Met een evenaring van het recordaantal vrouwelijke regisseurs uit 2023 (een magere zeven), pas voor de tweede keer in de festivalgeschiedenis een vrouwelijke juryvoorzitter (Juliette Binoche) die een vrouwelijke juryvoorzitter (Greta Gerwig) opvolgt, plus pas de vierde openingsfilm van een vrouwelijke regisseur ooit, doet Cannes, net als vorig jaar, een nadrukkelijke poging over te komen als medestander in de strijd voor gendergelijkheid.
Jammer dus dat die openingsfilm Partir un jour, een arthouse-musical van debutant Amélie Bonnin, zo saai was. Ondanks naturel spel, met acteurs die zelf zingen, komen de personages en het voorspelbare scenario nergens tot leven. Je zou bijna denken dat de film alleen geselecteerd is omdát hij door een vrouw is geregisseerd.
Vrouwen horen dit natuurlijk vaker: dat ze alleen maar uitgekozen zijn wegens hun identiteit. Elk jaar zijn er ook tal van tegenvallende films te zien van mannen, maar die krijgen dit verwijt zelden. Pogingen om genderpariteit te bereiken spelen dit soort kritiek gemakkelijk in de hand: want moeten vrouwen, vanwege alle tegenwerking, betere films maken om in Cannes te belanden, of worden ze juist bevoordeeld?
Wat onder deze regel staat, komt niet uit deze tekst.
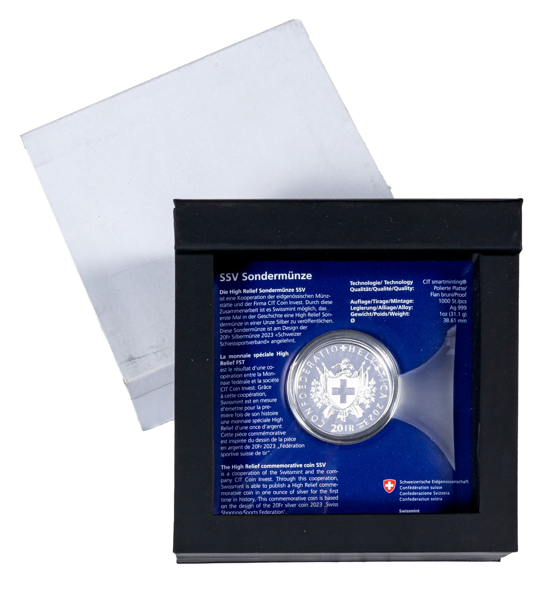 SVIZZERA - 20 franchi 2023, edizione limitata in altorilievoArgento - 31,10 gr.Esemplare in edizione limitata per il 200° anniversario della SSV (1824-2024).Solo 1000 esemplari coniati, in astuccio originale numerato.Questo esemplare è il numero 880.FDC/FS
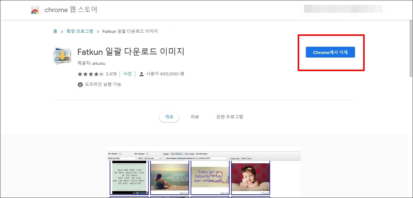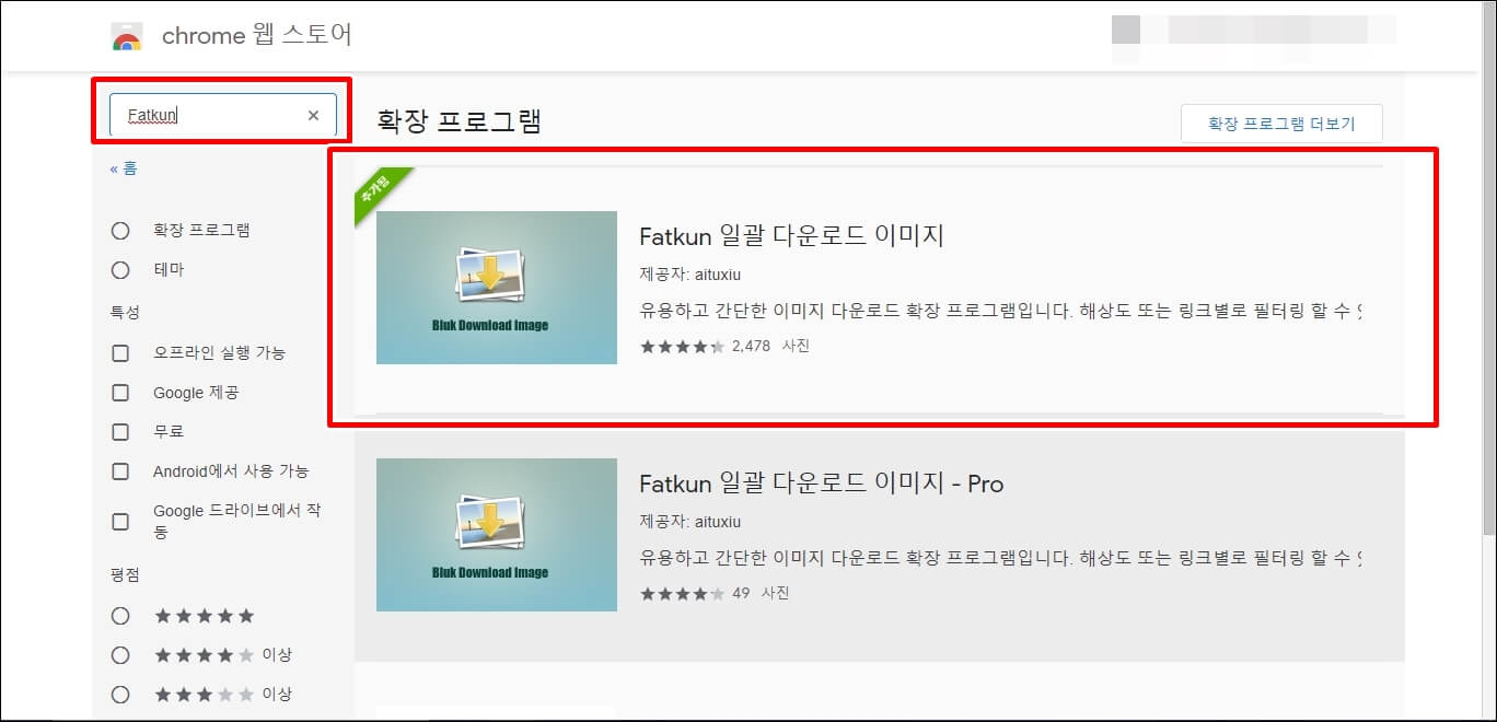 확장 프로그램 검색창에 Fatkun을 검색하시고 Fatkun 일괄 다운로드 이미지를 클릭합니다.
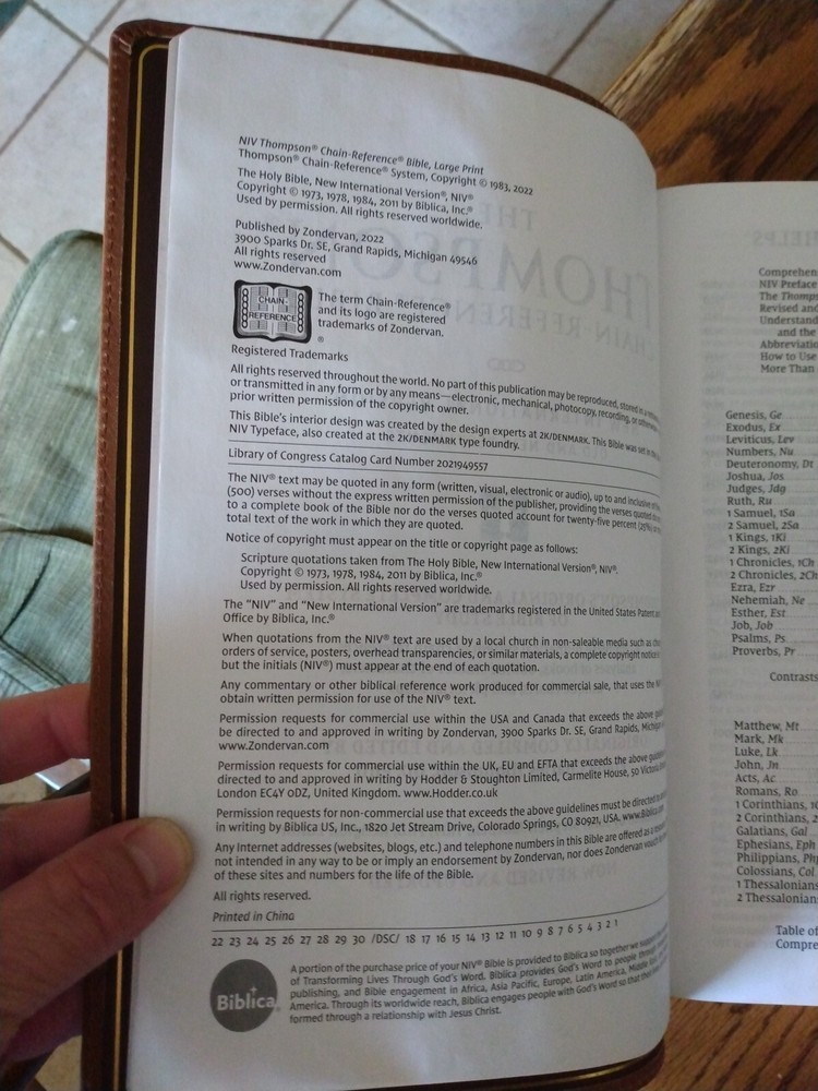 An easy-to-learn, easy-to-use tool for topical Bible study With over 100,000 references listed in the Bible's margins, covering over 8,000 topics, the Thompson® Chain-Reference® Bible is an ideal tool for comprehensive topical study. The chain-reference system enables you to search the breadth of Scripture's teachings on thousands of topics and allows you to follow those topics throughout the entire Bible. Beloved and acclaimed for more than five generations, this unique reference Bible is unparalleled in its ability to enrich personal devotions, topical study, and sermon preparation. The Thompson Chain-Reference Bible also offers a library of additional study resources, including biographical sketches, illustrated studies, maps, and charts. The alphabetical and numerical indexes make it easy to find any topic you wish to study, explore, or speak about. These tools together allow readers to interpret the Bible using related scripture passages rather than consulting a commentary. The NIV Thompson Chain-Reference Bible, Large Print is printed in Zondervan's exclusive NIV Comfort Print® typeface for easy reading. Expertly designed specifically to be used for the New International Version (NIV) text, Comfort Print offers an easier reading experience that complements the most widely read modern-English Bible translation. It also features a fresh, two-color design that preserves the original look of the chain-reference system, while making each page cleaner and easier to read. Features: Complete text of the accurate, readable, and clear New International Version (NIV) Easy-to-understand chain-reference system with over 100,000 topical references Alphabetical and numerical indexes highlight study materials for over 8,000 topics, each with its own topic number, for exhaustive topical study An extensive study resource section includes biographical sketches, illustrated studies of the Bible, a concordance, Bible harmonies, and many other helpful study tools Fresh, two-color page design 66 book introductions 16-page full-color map section with map index Words of Jesus in red Presentation page for gift-giving Raised spine hubs Two double-sided 3/8-inch wide satin ribbon markers Genuine leather cover lies flat when open Exclusive Zondervan NIV Comfort Print typeface 10.5-point print size In 1890, creator of the Thompson Chain-Reference system, Dr. Frank Charles Thompson, began working on the "chain-links" that became the foundation of the unique Thompson referencing system. The Kirkbride Bible Company, Inc., published the first complete Thompson Chain-Reference Bible in 1908 and continued that legacy for over 100 years, adding visual, maps, archeological insights, and over 100,000 references. Now, Zondervan Bibles is excited to take the Thompson Chain-Reference Bible forward, and to continue to steward this important brand with new revised and expanded editions., An easy-to-learn, easy-to-use tool for topical Bible study With over 100,000 references listed in the Bible's margins, covering over 8,000 topics, the Thompson(R) Chain-Reference(R) Bible is an ideal tool for comprehensive topical study. The chain-reference system enables you to search the breadth of Scripture's teachings on thousands of topics and allows you to follow those topics throughout the entire Bible. Beloved and acclaimed for more than five generations, this unique reference Bible is unparalleled in its ability to enrich personal devotions, topical study, and sermon preparation. The Thompson Chain-Reference Bible also offers a library of additional study resources, including biographical sketches, illustrated studies, maps, and charts. The alphabetical and numerical indexes make it easy to find any topic you wish to study, explore, or speak about. These tools together allow readers to interpret the Bible using related scripture passages rather than consulting a commentary. The NIV Thompson Chain-Reference Bible, Large Print is printed in Zondervan's exclusive NIV Comfort Print(R) typeface for easy reading. Expertly designed specifically to be used for the New International Version (NIV) text, Comfort Print offers an easier reading experience that complements the most widely read modern-English Bible translation. It also features a fresh, two-color design that preserves the original look of the chain-reference system, while making each page cleaner and easier to read. Features: Complete text of the accurate, readable, and clear New International Version (NIV) Easy-to-understand chain-reference system with over 100,000 topical references Alphabetical and numerical indexes highlight study materials for over 8,000 topics, each with its own topic number, for exhaustive topical study An extensive study resource section includes biographical sketches, illustrated studies of the Bible, a concordance, Bible harmonies, and many other helpful study tools Fresh, two-color page design 66 book introductions 16-page full-color map section with map index Words of Jesus in red Presentation page for gift-giving Raised spine hubs Two double-sided 3/8-inch wide satin ribbon markers Genuine leather cover lies flat when open Exclusive Zondervan NIV Comfort Print typeface 10.5-point print size In 1890, creator of the Thompson Chain-Reference system, Dr. Frank Charles Thompson, began working on the "chain-links" that became the foundation of the unique Thompson referencing system. The Kirkbride Bible Company, Inc., published the first complete Thompson Chain-Reference Bible in 1908 and continued that legacy for over 100 years, adding visual, maps, archeological insights, and over 100,000 references. Now, Zondervan Bibles is excited to take the Thompson Chain-Reference Bible forward, and to continue to steward this important brand with new revised and expanded editions., Featuring an easy-to-learn and easy-to-use reference system acclaimed for more than five generations, the Thompson Chain-Reference Bible enables you to search the breadth of Scripture's
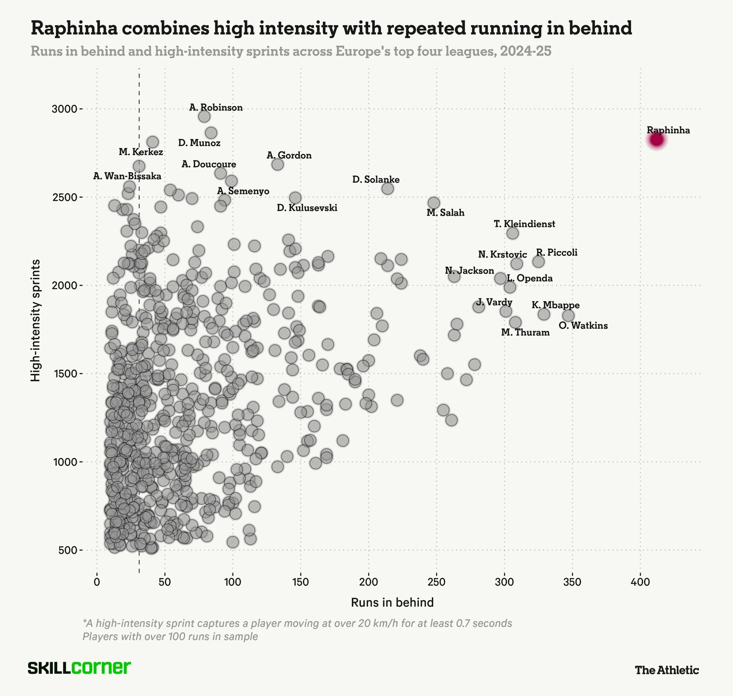 При Ханси Флике Рафинья номинально остался левым нападающим, но с более гибридной ролью. У него по-прежнему мало свободных зон и он не так часто встречается с мячом, но вместе этого он смещается в штрафную площадь, участвует в построение комбинаций, а затем совершает рывки за спину Левандовски. Приведенный ниже график иллюстрирует, насколько такая системы игры позволяет ему максимально использовать свой темп и энергию. Он совершает невероятное количество забегов вперед, и мало кто с ним может сравниться, когда доходит дело до высокоинтенсивных спринтов – забегов, в которых игрок движется со скоростью более 20 км/ч в течение как минимум 0,7 секунды.

Dat verwijt zal dit jaar minder spelen. Voor het eerst hangt er een gevoel van vanzelfsprekendheid rondom de geselecteerde vrouwelijke makers. Want natúúrlijk zijn Alpha van Gouden Palm-winnaar Julia Ducournau, The Mastermind van Kelly Reichardt en Die, My Love van Lynne Ramsay in de hoofdcompetitie te zien. Hun aanwezigheid op de Croisette is inmiddels net zo vanzelfsprekend als die van de Dardennes en Wes Anderson.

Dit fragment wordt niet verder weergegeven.